On June 18, 2004, Eni submitted to the Antitrust Authority a proposal entailing the sale to third parties of a total of 9.2 BCM of natural gas in the four-thermal year period starting in October 1, 2004 through September 30, 2008, corresponding to 2.3 BCM for each thermal year, before such natural gas enters the national transmission network at Tarvisio. With a decision of June 24, 2004, the Antitrust Authority judged this proposal adequate to end the effects of the violation of competition rules highlighted in the November 21, 2002 decision. With the decision of October 7, 2004 that closed the above mentioned procedure, the Antitrust Authority acknowledged that Eni had taken proper measures for executing the decision of November 21, 2002 by signing gas release contracts. However, it fined Eni euro 4.5 million alleging that Eni had complied belatedly with the Antitrust Authoritys indications. On December 6, 2004, Eni filed a claim with the Regional Administrative Court of Lazio against this decision requesting the annulment of the fine that was however recorded in Enis accounts. In May 2005 the Regional Administrative Court repealed this claim. Eni paid the fine imposed on it by the Antitrust Authority. In June 2006, the appeal proposed by Eni before the Council of State against the decision of the Regional Administrative Court was rejected. A claim filed by Eni with the Regional Administrative Court of Lazio against the decision of November 21, 2002 is still pending.
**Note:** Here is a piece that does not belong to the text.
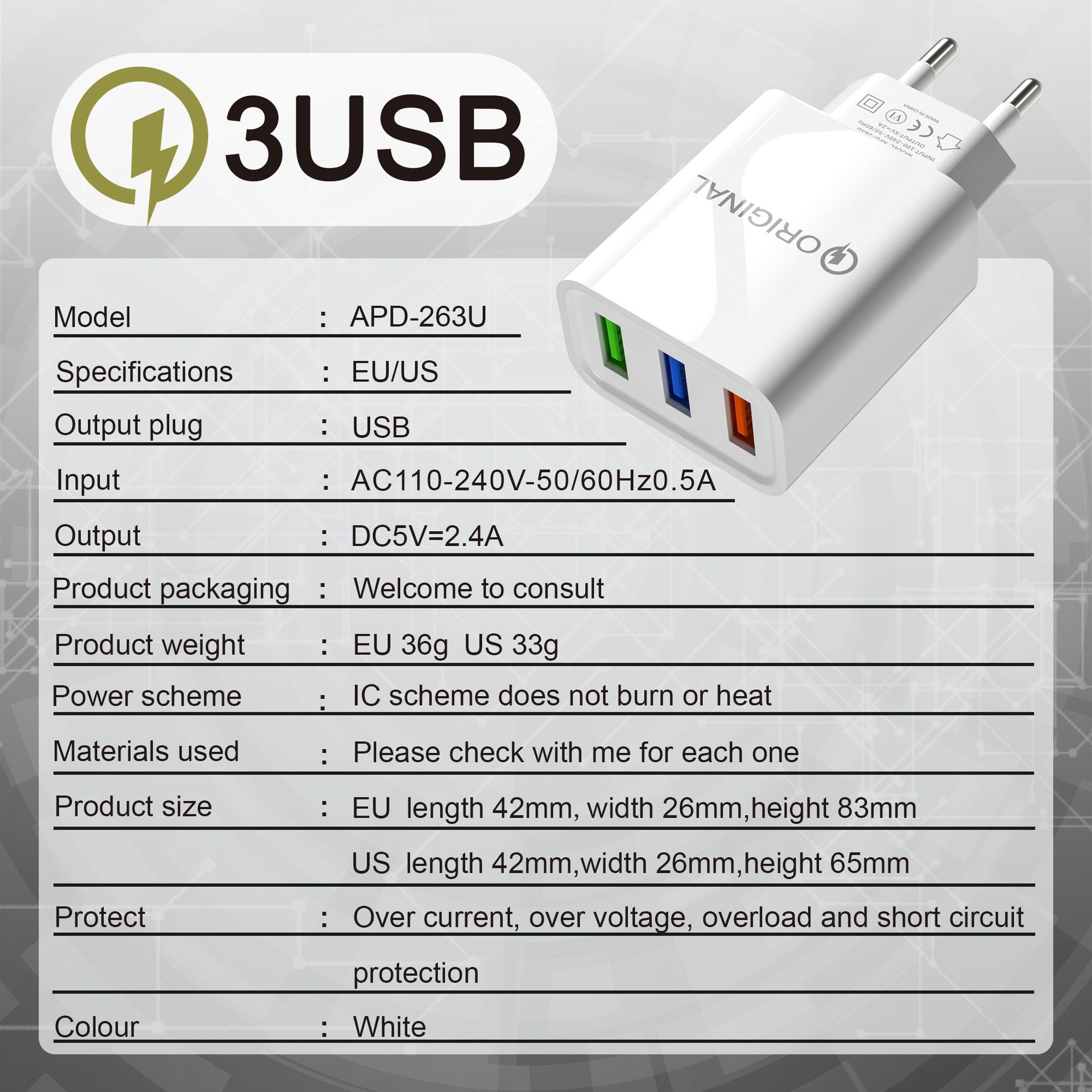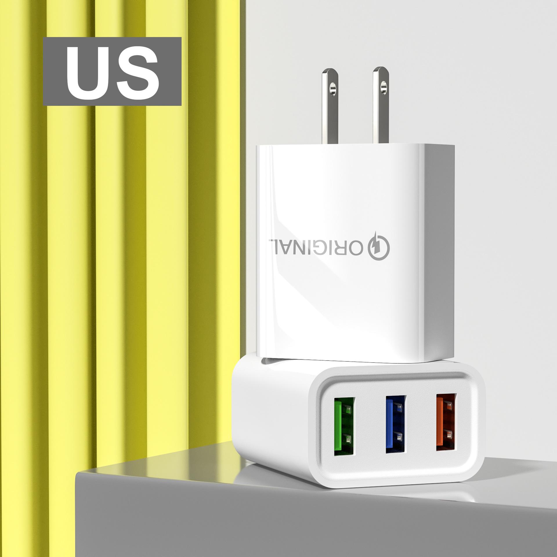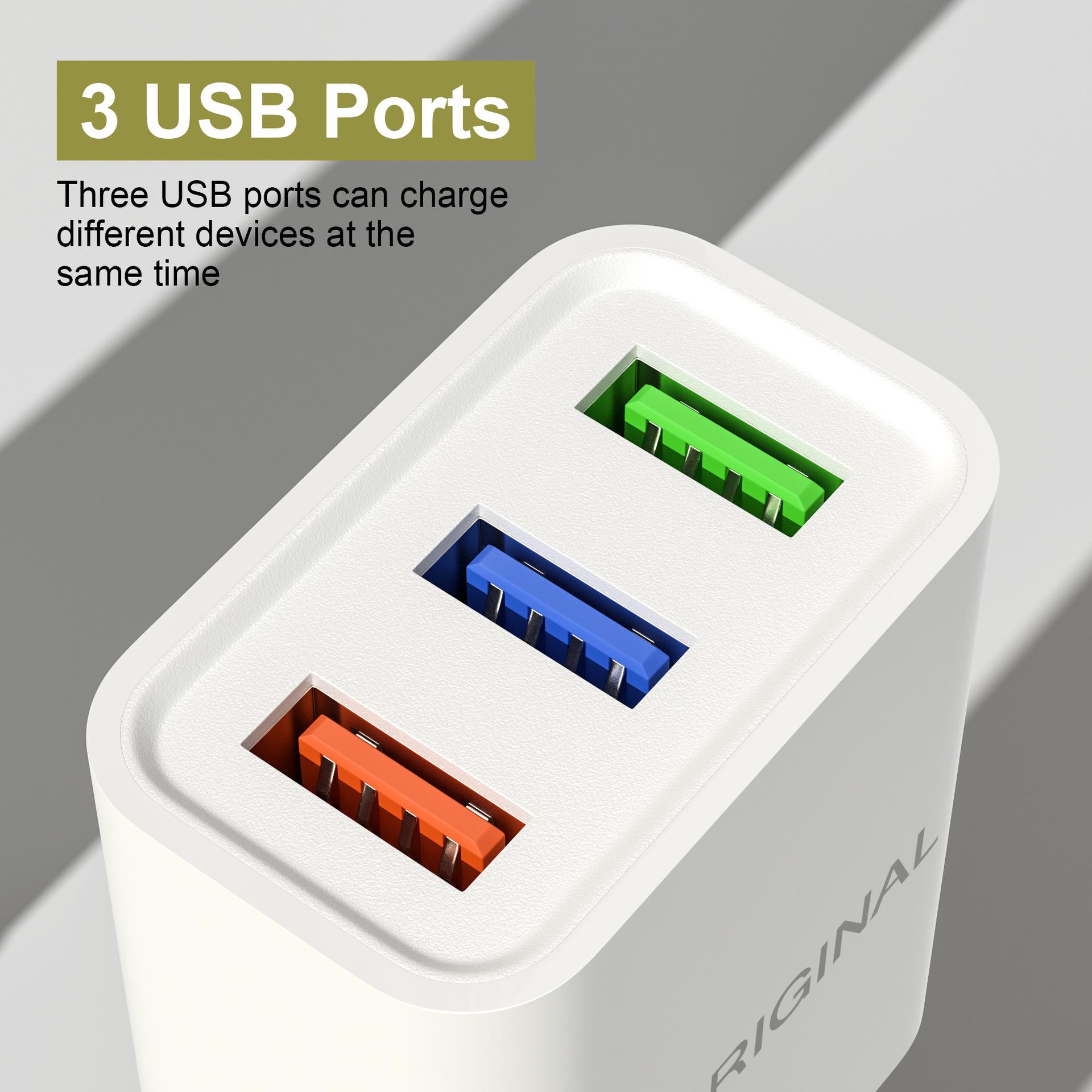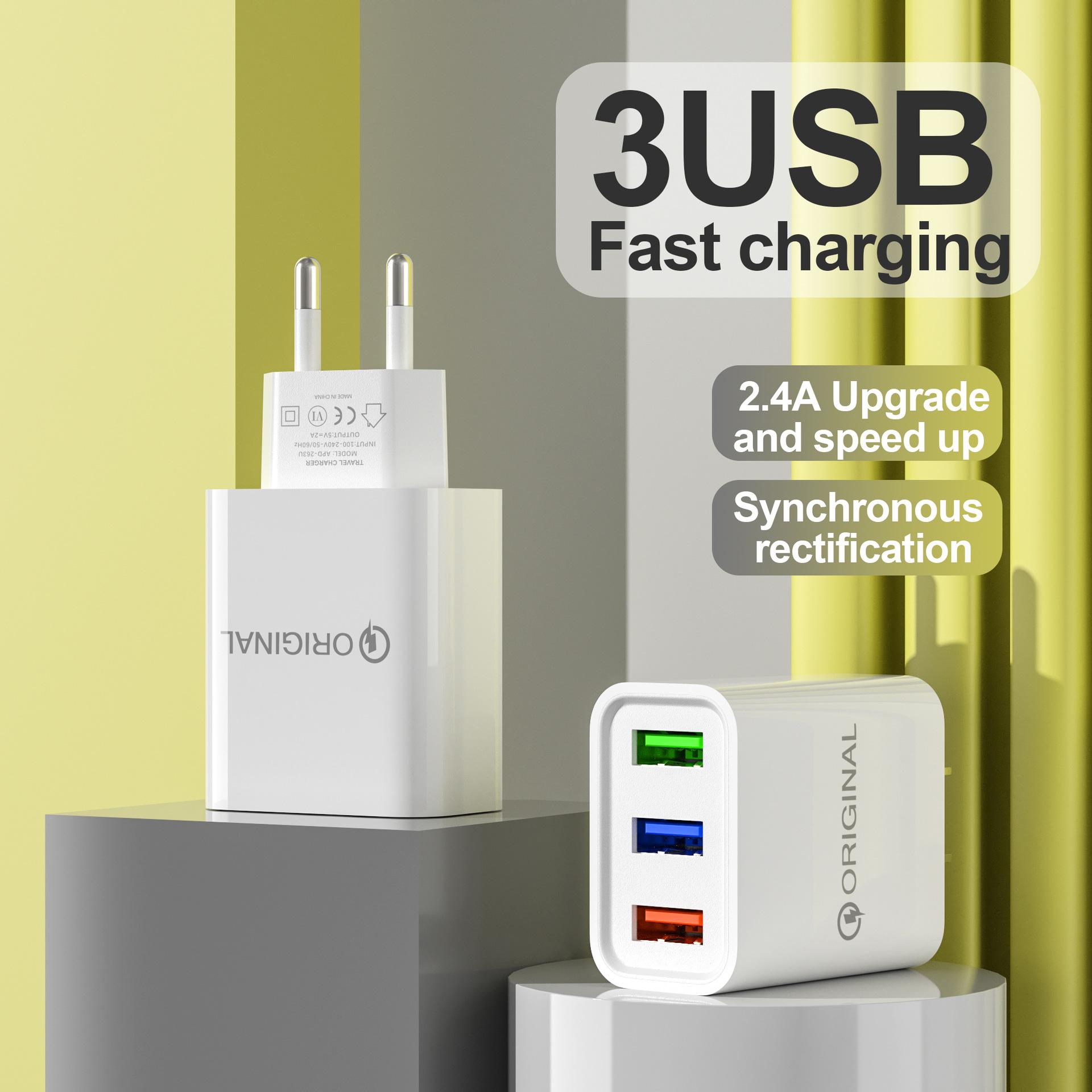 Cargador Multipuerto para Teléfono Móvil 3USB 5V2A12W Adaptador de Corriente Cargador de Pared para Viaje Enchufe de Carga Estándar Europeo y Americano Carga Rápida

Inquiry of the Authority on the upgrade of the TTPC Pipeline - Appeal to the Regional Administrative Court for Lazio On February 15, 2006, the Antitrust Authority informed Eni of the closing of an inquiry started in February 2005 to ascertain an alleged abuse of dominant position. The events leading to the opening of the procedure relate to behaviors of Trans Tunisian Pipeline Co Ltd (TTPC), wholly owned by Eni, concerning its decision to consider expired certain ship-or-pay contracts signed on March 31, 2003 by TTPC with four shippers, who had been assigned new transport capacity on TTPCs pipeline, due to the non occurrence of certain suspensive clauses. Therefore TTPC decided to not proceed to the planned upgrade of the pipeline by 2007.
In January 2006 Eni submitted to the Antitrust Authority a proposal containing the actions it intends to perform in order to favor competition on the Italian natural gas market and mitigate the effects if its alleged abuse of dominant position, concerning in particular the upgrade of the TTPC pipeline in Tunisia for the import of natural gas to Italy from Algeria: 3.2 BCM/y from April 1, 2008 and further 3.3 BCM/y from October 1, 2008.
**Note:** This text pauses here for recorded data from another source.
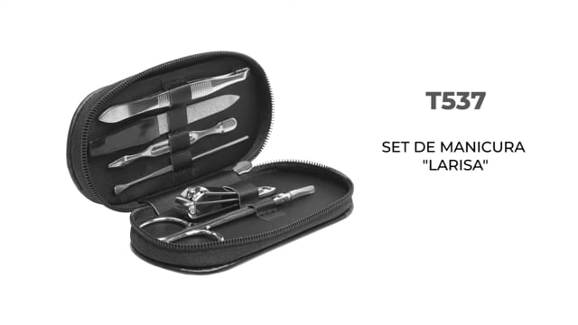 11 x 5 x 2 cm. (cerrado) 11 x 12,5 x 1,1 cm. (abierto). Set de manicura. Metal y simil cuero. Estuche organizador con cierre que contiene: tijera, alicate, 2 limpia cutículas, lima metálica y pinza de depilar.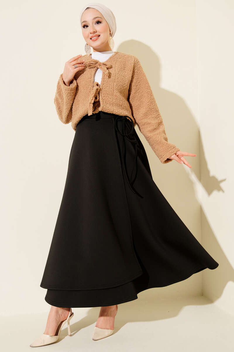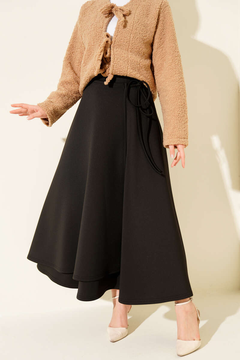 Yan İp Bağcıklı Scuba Etek Lacivert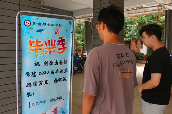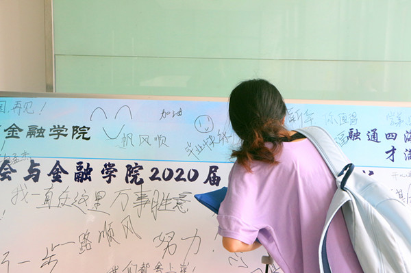 由于疫情,本次毕业生返校、离校显得有些仓促,但是财会与金融学院尽可能地为毕业生营造舒适暖心的环境氛围,现场准备了毕业生留言板,为毕业生送上“云祝福”,毕业离校现场安全有序。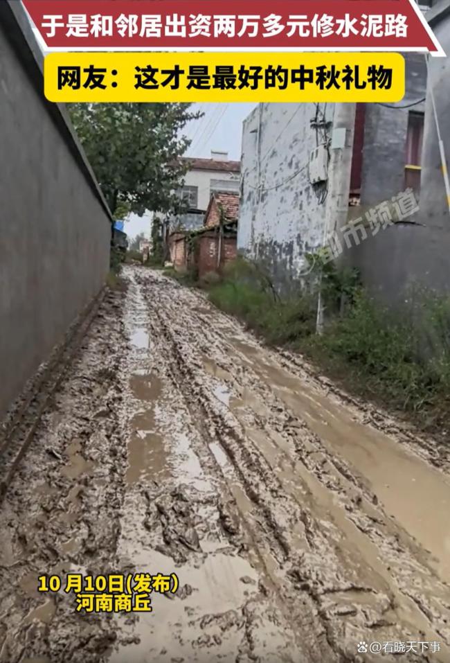 中秋假期,一名在外工作的男子回到河南老家,发现连日的雨水让村里的土路变得泥泞不堪。看到老人们艰难地在泥泞中行走,他心里很不是滋味,决定做点什么。他和邻居商量后,两家人凑了两万多元,请来工人拉水泥、拌料,开始修路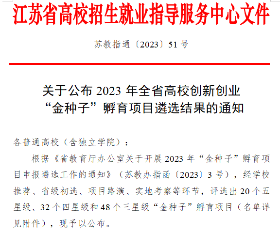 全省106所高校申报“金种子”孵育项目共计949项,主要分为科技研发、文化创意、现代服务三大类。经学校推荐、省级初选、项目路演、实地考察等环节,评选出20个五星级、32个四星级和48个三星级“金种子”孵育项目。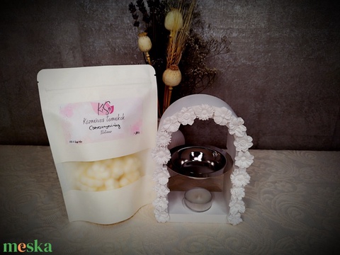 Apró virágokkal díszített kerámia párologtató és 100 gramm illatviasz.

With a decision notified on February 15, 2006 the Antitrust Authority stated that Enis behavior through its subsidiary TTPC represented an abuse of dominant position under Article 82 of the European Treaty. It therefore fined Eni. The original fine amounted to euro 390 million and was reduced to euro 290 million in consideration of Enis commitment to perform actions favoring competition as mentioned above. Eni appealed against this decision with the Regional Administrative Court of Lazio. The hearing is scheduled on July 12, 2006. See above "Gas & Power Development Projects".
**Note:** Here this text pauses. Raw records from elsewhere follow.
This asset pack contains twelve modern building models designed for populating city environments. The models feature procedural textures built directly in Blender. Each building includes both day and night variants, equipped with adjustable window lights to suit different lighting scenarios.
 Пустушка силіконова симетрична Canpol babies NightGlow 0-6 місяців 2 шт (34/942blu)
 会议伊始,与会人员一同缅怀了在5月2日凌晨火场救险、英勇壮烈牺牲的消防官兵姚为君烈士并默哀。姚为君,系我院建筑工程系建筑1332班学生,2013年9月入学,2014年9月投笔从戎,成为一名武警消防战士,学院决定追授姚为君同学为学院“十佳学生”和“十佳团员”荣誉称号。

Eni SpA - GNL Italia SpA On November 18, 2005 the Antitrust Authority notified Eni and its subsidiary GNL Italia the opening of an inquiry, in accordance with Article 14 of Law No. 287/1990, concerning an alleged abuse of dominant position in the assignment and use of the total continuous regasification capacity of the Panigaglia terminal (owned by GNL Italia) in thermal years 2002-2003 and 2003-2004, as evidenced by an inquiry of the Authority for Electricity and Gas which referred Eni to the Antitrust Authority. In a later communication the company was informed that the inquiry has been extended also to thermal year 2004-2005 and to Snam Rete Gas which is the parent company of GNL Italia SpA. The inquiry is due to be closed on October 31, 2006.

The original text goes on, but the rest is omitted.